Liberating Mind States and Emotions (IN PERSON)

19 March 2024 - 26 March 2024
  • Day:Tuesday
  • Time:7.00PM - 8.30PM AEST
  • No of Sessions:2
  • Duration:1.5hr
  • Organising Entity:Buddhist Library
  • Event Speaker:Kynan Tan
  • Enquiries:info@buddhistlibrary.org.au or (02) 9519 6054
  • Location:Buddhist Library
  • Attendance Mode:In Person Only Event
  • Contribution:By donation
  • Course Details:

    19 March 2024

    26 March 2024

    Throughout our lives, we each experience a dizzying array of emotions, states of mind, and patterns of felt experience. These bring great joy and meaningfulness into our lives, but also bring challenges, difficulty, and obstacles that prevent us moving forward.

    In a 3-part series of talks we will explore how meditation can be used to shift the experience of emotions and mind states. There will be a discussion of what it might look like to find a better relationship with emotional life, how the teaching of the Buddha on the Four Noble Truths can guide this exploration, and the importance of choosing an appropriate way of working to allow the practice to progress. The intention is to take steps towards a sense of confidence and capability when working with the full range of human emotion.

    These sessions will involve guided meditation, explanation of the topic, and Q+A. There will be practices related to calm abiding, insight meditation, metta, and compassion.

    This talks will be held in-person at the Library only. Please register if you wish to attend.

    Talk 1: The Freedom of the Body 12/3/2024
    This talk will explore the foundations of emotions and mind states, how to work with papañca (the proliferation of mental content), and how staying at sense contact and working with the body as the first foundation of mindfulness can be incredibly helpful with finding ease and balance.

    Talk 2: Looking Through Lenses 19/3/2024
    Here we will look at the ways of relating to emotions and how they are viewed. We will practice techniques that open space for the richness and complexity of experience, cultivate kindness and compassion, and explore tools to discern and question the experiences of emotions and mind states.

    Talk 3: Emptiness and Views 26/3/2024
    In the final talk of this series, we will explore how insight and wisdom can be cultivated from the experience of personality, emotions, mind states, and the sense of self. This will look at applying the Buddha’s teaching of the three characteristics of impermanence, unsatisfactoriness, and not-self as a way to open up an understanding of emptiness and the freedom this provides.

    Note: These talks will explore a series of topics around this theme. Each talk will stand alone; you don’t need to have attended previous talks.

     

    Teacher profile

    Kynan Tan is a meditation teacher who takes a collaborative approach to helping students achieve their meditation goals. He came to meditation after struggles with stress, anxiety, and depression and found the practice to be transformative. He believes that meditation has enormous potential for creating positive change and opening up new ways of relating to our experience.

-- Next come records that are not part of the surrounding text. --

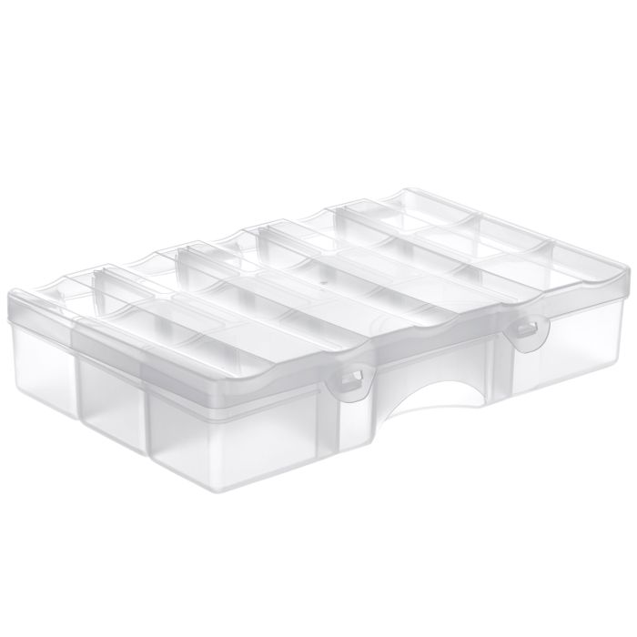 Förvaringslåda/organizer i mellanstorlek från SmartStore med mellanväggar för förvaring av småsaker tex skruvar, muttrar, sybehör och fiskedrag. De flyttbara facken kan användas för att skapa flexiblel ordning på pennor, och annat kontorsmateriel så som gem, häftstift mm.
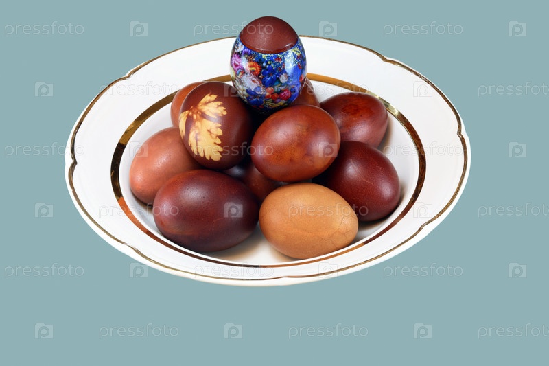 Пасхальное яйцо на белой тарелке
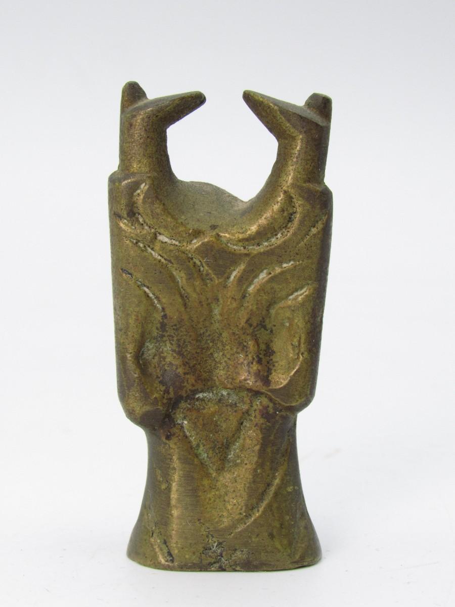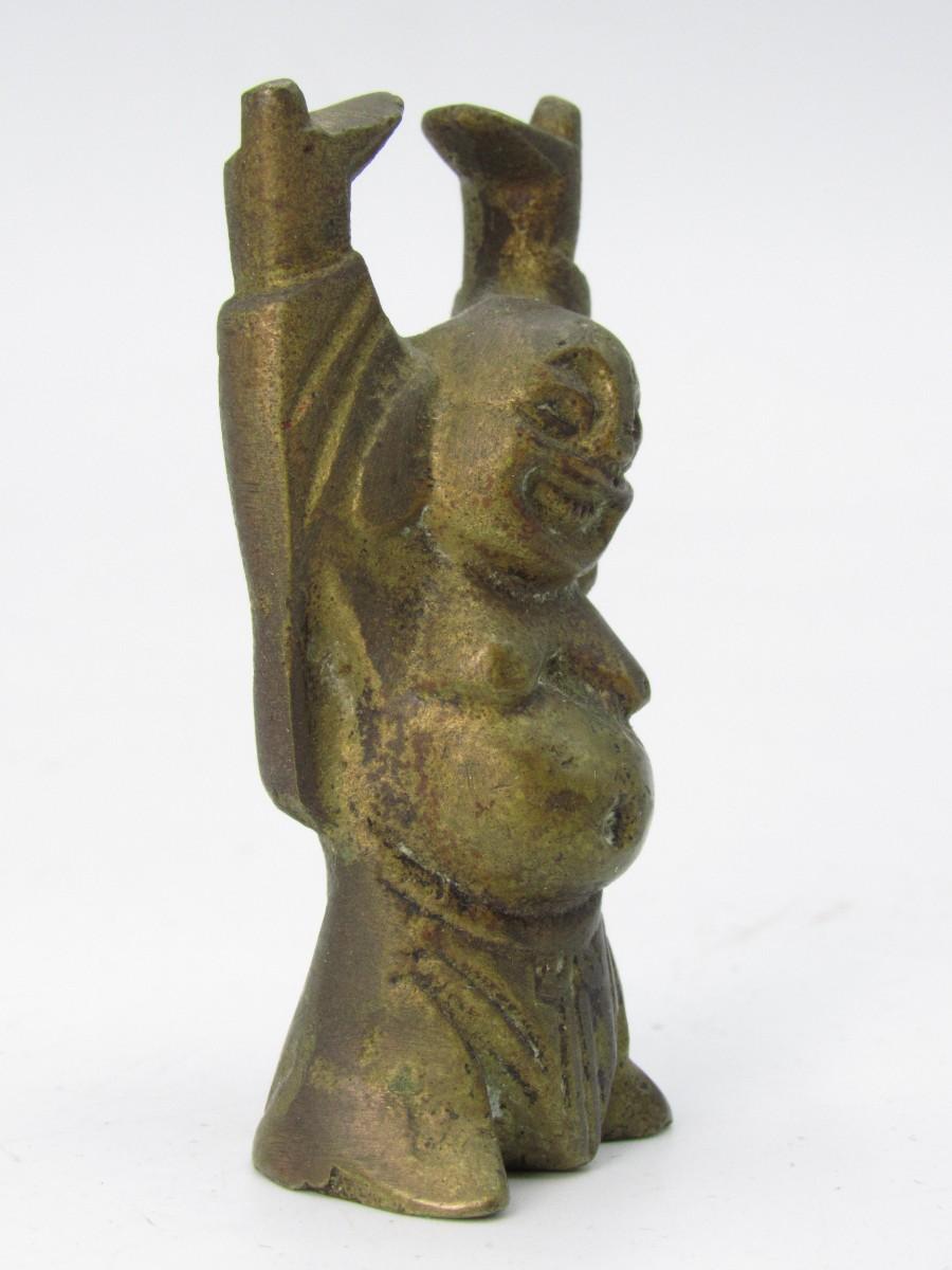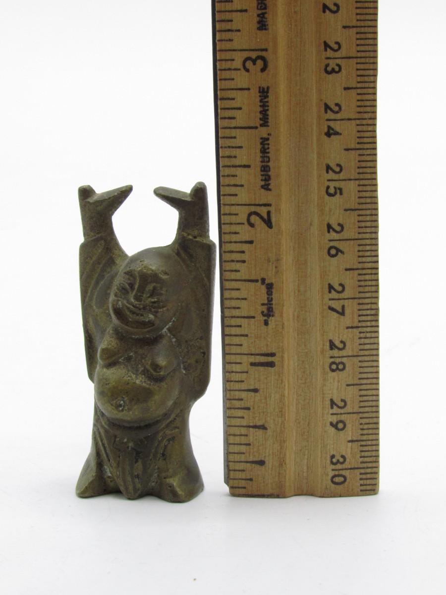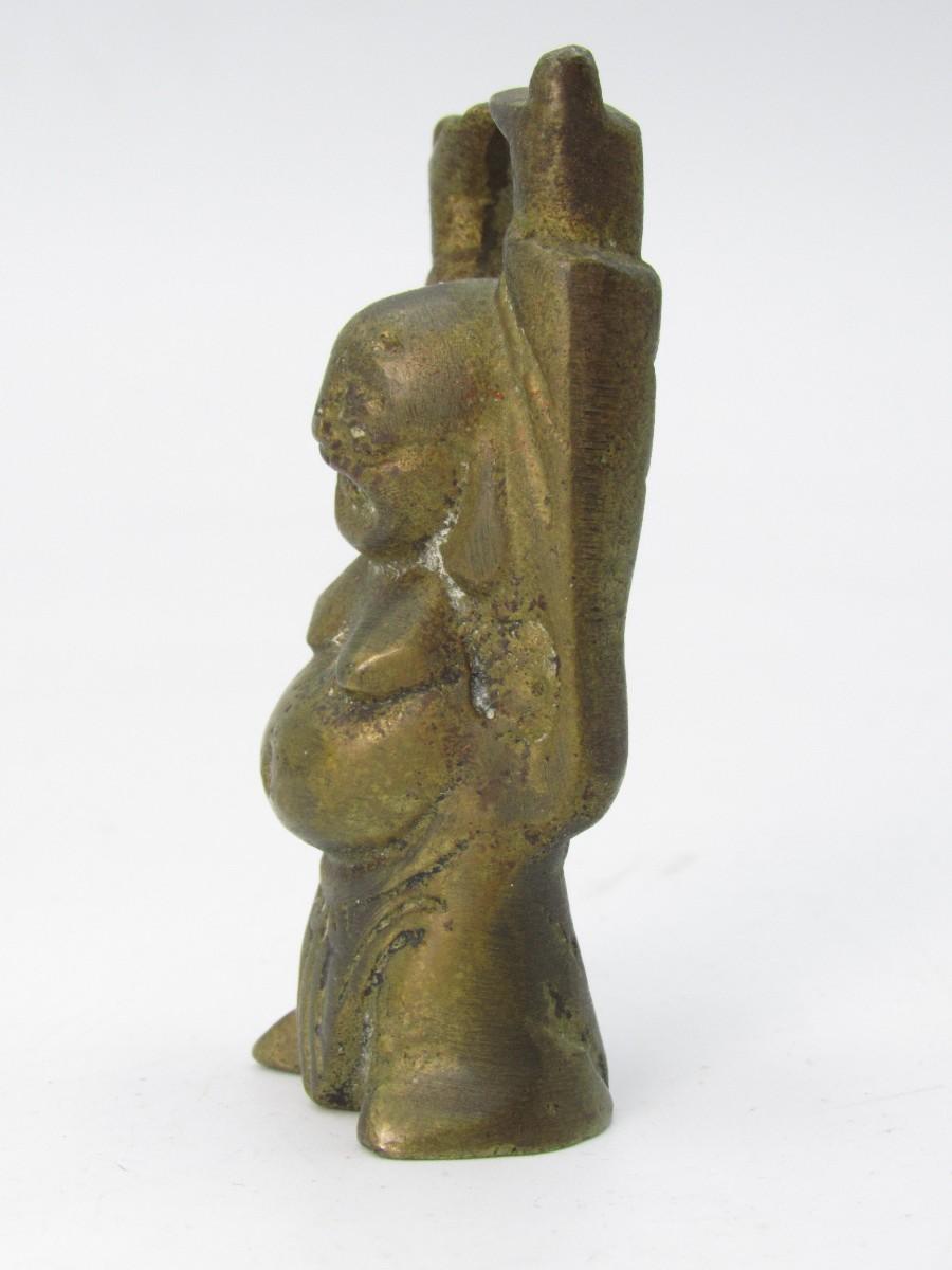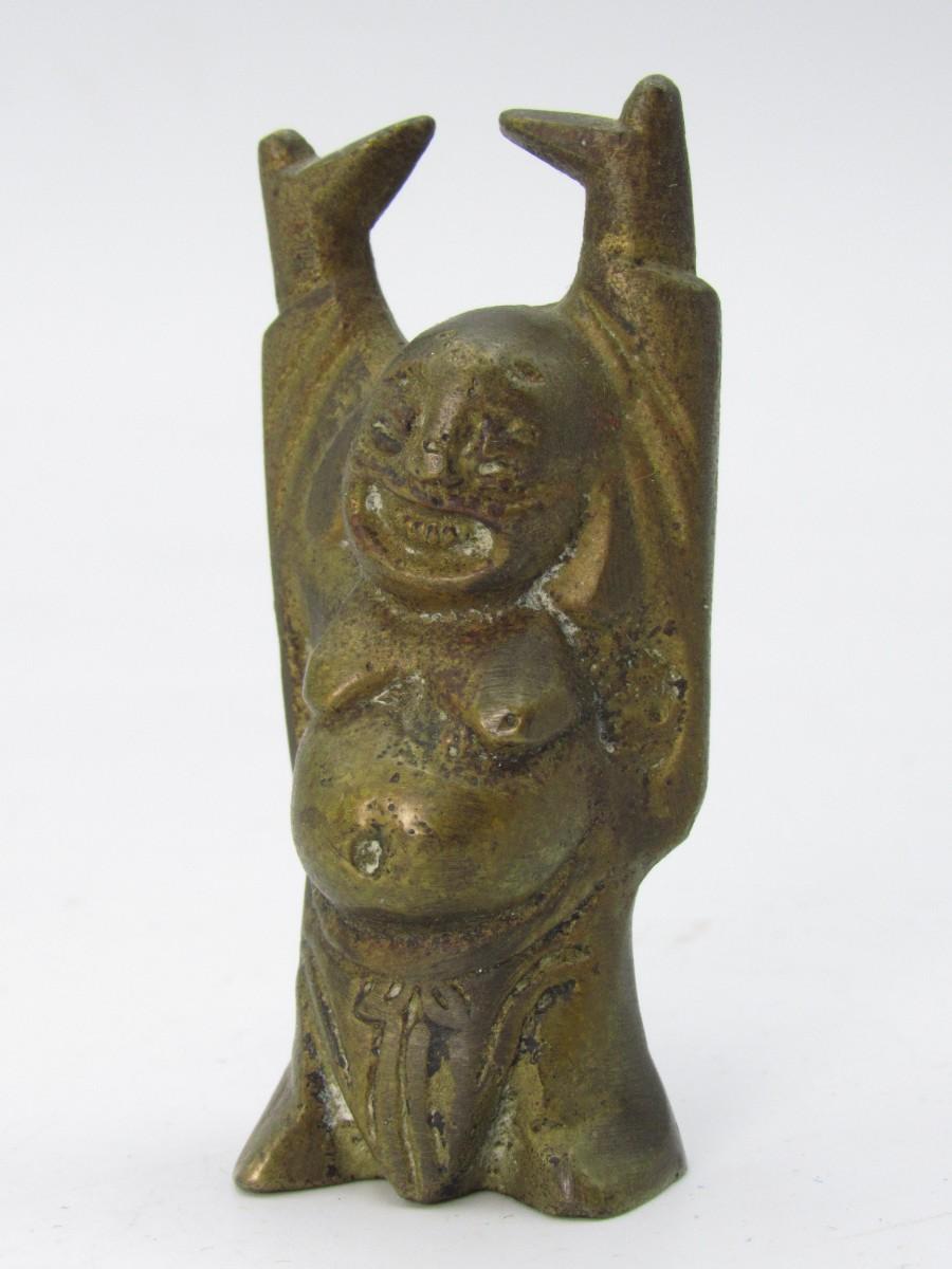 Small Vintage Brass Metal Buddha Laughing Both Hands Up Holding Position Figurine
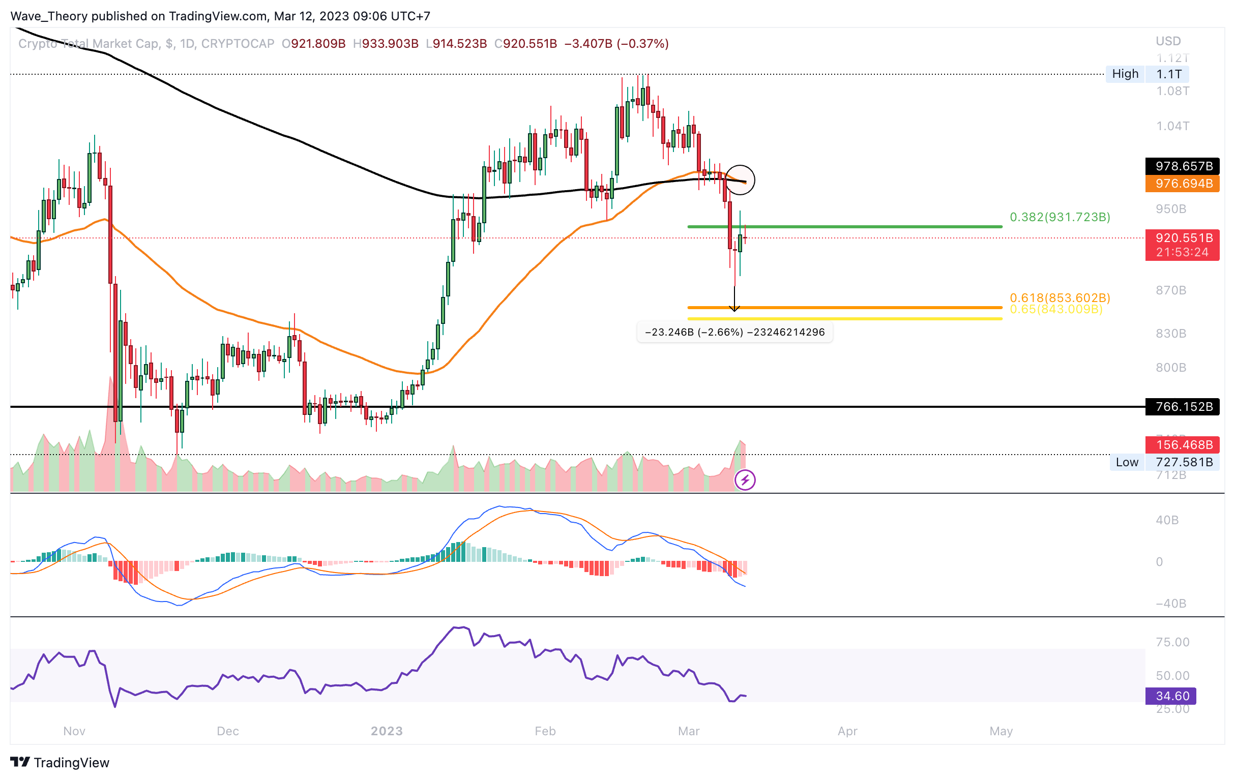 Damit wartet die nächste signifikanten Fib Unterstützungen bei rund 853 Milliarden USD. Bisher konnte der Kryptomarkt rund 2,66 % über dieser Golden Ratio Unterstützung nach oben abprallen. Doch kurz- bis mittelfristig könnte der Kryptomarkt die Korrektur fortsetzen, um die Golden Ratio Unterstützung bei rund 853 Milliarden SUD doch noch zu erreichen.

    Kynan draws upon a number of different modern and traditional techniques of contemplative and introspective practice. He is a longtime practitioner of the stages of samatha-vipassana (as presented in the book The Mind Illuminated), Rob Burbea’s insight meditation techniques, nondual awareness, and brahmavihara practices (metta, compassion, empathetic joy, and equanimity).

    Kynan studies meditation with Dr. Tucker Peck, who teaches the Pragmatic Dharma Club at the San Francisco Dharma Collective. Kynan has sat a number of retreats, including a month-long solo retreat in 2021.

     

    All Sessions are by Donation (Dana) to the Buddhist Library. All donations to the Buddhist Library of $2 and over are tax deductible.

    Dana is the traditional practice of generosity, the extending of one’s goodwill, which is fundamental to Buddhism and other spiritual traditions. The dana you give is shared equally with the teacher and the Buddhist Library. This helps to maintain the Library and supports the teacher so that they may offer more teachings on the Dhamma in the future. It is up to each person to determine the amount of dana they’d like to offer. We understand that this is a difficult time financially for many, and people will give what they can. An appropriate dana can’t be prescribed but requires sensitivity to its intent and to the individual’s own situation, as well as awareness of the cost of organising events and supporting teachers who spread the Dhamma.